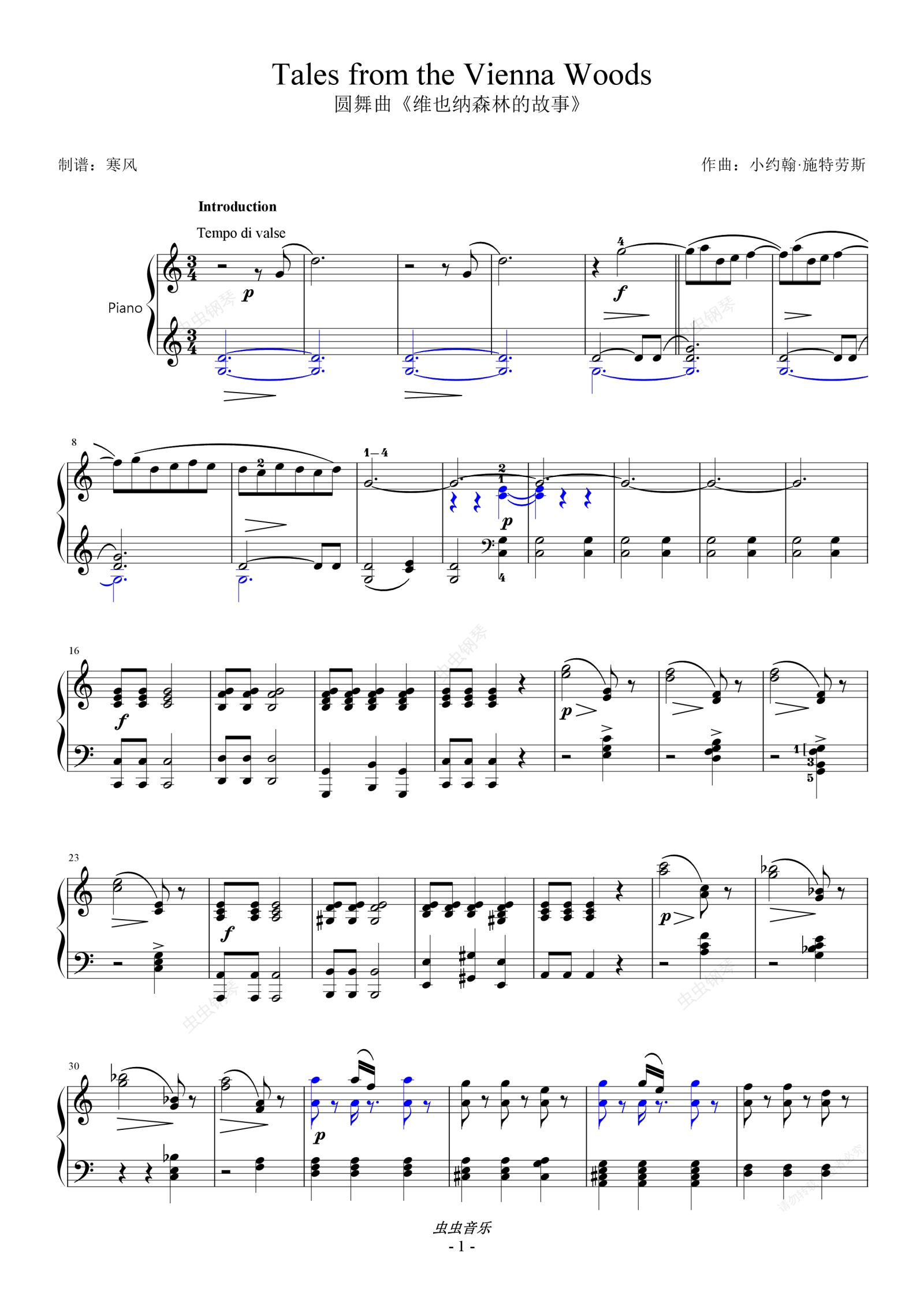 钢琴谱:小约翰·施特劳斯-维也纳森林的故事
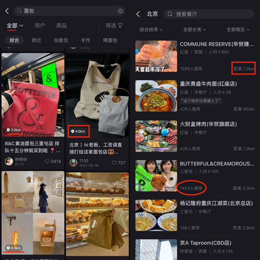 用戶在小紅書搜索類似「面包」「西餐」等與餐飲相關(guān)的關(guān)鍵詞時(shí),搜索結(jié)果中會(huì)自動(dòng)標(biāo)注附近推薦餐廳距離,從小紅書本地內(nèi)容推薦頁(yè)面進(jìn)入餐廳后,同樣會(huì)看到有多少用戶在推薦對(duì)應(yīng)的餐廳。這些功能點(diǎn)都是幫助本地生活商家曝光、吸引客流的產(chǎn)品手段。
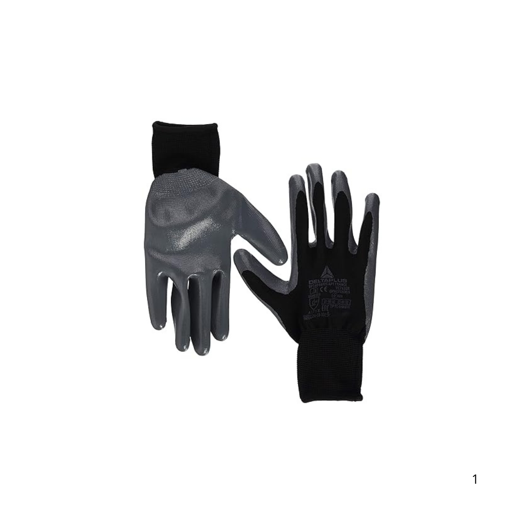 Guanti da Lavoro a Maglia Fine in Poliestere con Palmo in Nitrile – Grigio/Nero, Taglia 09
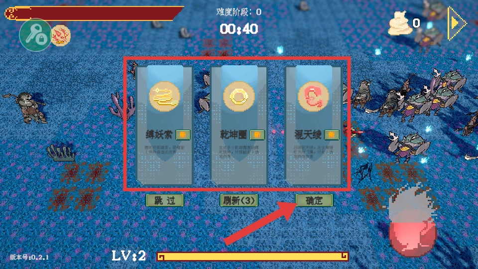 拾取经验球完成升级后,挑选合适的法宝,点击【确定】按钮进行装备,以此提升哪吒的战斗能力,为接下来的战斗提供助力。
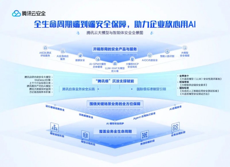 我们已然迈入以大模型为核心驱动力的AI时代,当下,AI不仅超越图灵测试,实现类人化交互,成为下一轮经济增长的关键引擎,为解决产业痛点提供全新思路;同时,人工智能与其他创新技术一道重塑各行各业的过程中,也伴随着不断演变的网络威胁。从攻防视角来看,大模型安全风险贯穿AI技术从数据采集到最终应用的完整生命周期,其多样性与严重性早已在多个典型案例中尽显无遗。面对大模型驱动的新型攻击,传统防御体系已捉襟见肘,构建AI时代的纵深防线刻不容缓。在大模型的应用上,腾讯覆盖了从底层技术研究、企业服务到终端应用的全链路解决方案,同时也为大模型落地的全生命周期保障构建了一套端到端的产品服务体系。在本次国家网络安全宣传周网络安全博览会上,腾讯重点展示了大模型与智能体安全全景图,融合了多年“腾讯级”实战经验沉淀,形成结构化风险治理框架,既包含了开箱即用的安全产品与服务,也有围绕关键场景业务的全方位保障,助力企业放心用AI。
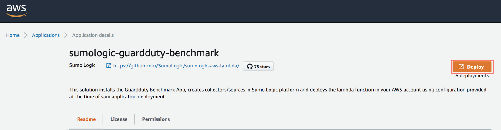 Step 2: Deploy the Sumo Logic GuardDuty Benchmark SAM App
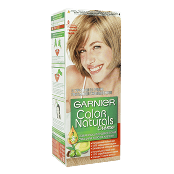 کیت رنگ مو گارنیه (Garnier) که در تولید رنگ موهای با کیفیت شناخته شده است. در کیت رنگ موی کالر نچرال علاوه بر کرم موی ۴۰ میلی لیتری، اکسیدان و کرم نرم کننده برای استفاده پس از رنگ کردن وجود دارد که به تغییر رنگی تمام و کمال و با مراقبت حرفهای کمک میکند. این رنگ مو حاوی روغنهای شیباتر، آووکادو و زیتون است که به تقویت و ترمیم مو کمک و از اثرات احتمالی رنگ مو جلوگیری میکنند.رنگ موی کالر نچرال گارنیه تا ۸ هفته پس از رنگ کردن از خشکی و آسیب دیدگی مو جلوگیری میکند و میتواند موهای سفید را پوششی ۱۰۰% دهد. یکی از امتیازهای این رنگ مو داشتن اکسیدان متناسب با شمارهی رنگ است که از خرید جداگانهی اکسیدانِ اشتباه جلوگیری میکند.پس از شستن موها میتوان از کرم نرم کنندهی غنی شده با روغن زیتون که در کیت رنگ موی گارنیه وجود دارد استفاده کرد تا باعث تقویت و جلوگیری از خشکی مو شود. در بین رنگهای سری کالر نچرال، رنگ شماره ۸ با تن رنگ طلایی یکی از رنگهای زیبا است که علاوه بر اینکه تیره نیست رگههای روشن و طلایی آن مانند زمانی است که موها هایلایت شده اند.

**Exercise prompt**
Leave out any pictures and return exactly the lines from the beginning of the data through the line with "用戶在小紅書搜索類似「面包」", inclusive.

**Your solution**
 钢琴谱:小约翰·施特劳斯-维也纳森林的故事
 用戶在小紅書搜索類似「面包」「西餐」等與餐飲相關(guān)的關(guān)鍵詞時(shí),搜索結(jié)果中會(huì)自動(dòng)標(biāo)注附近推薦餐廳距離,從小紅書本地內(nèi)容推薦頁(yè)面進(jìn)入餐廳后,同樣會(huì)看到有多少用戶在推薦對(duì)應(yīng)的餐廳。這些功能點(diǎn)都是幫助本地生活商家曝光、吸引客流的產(chǎn)品手段。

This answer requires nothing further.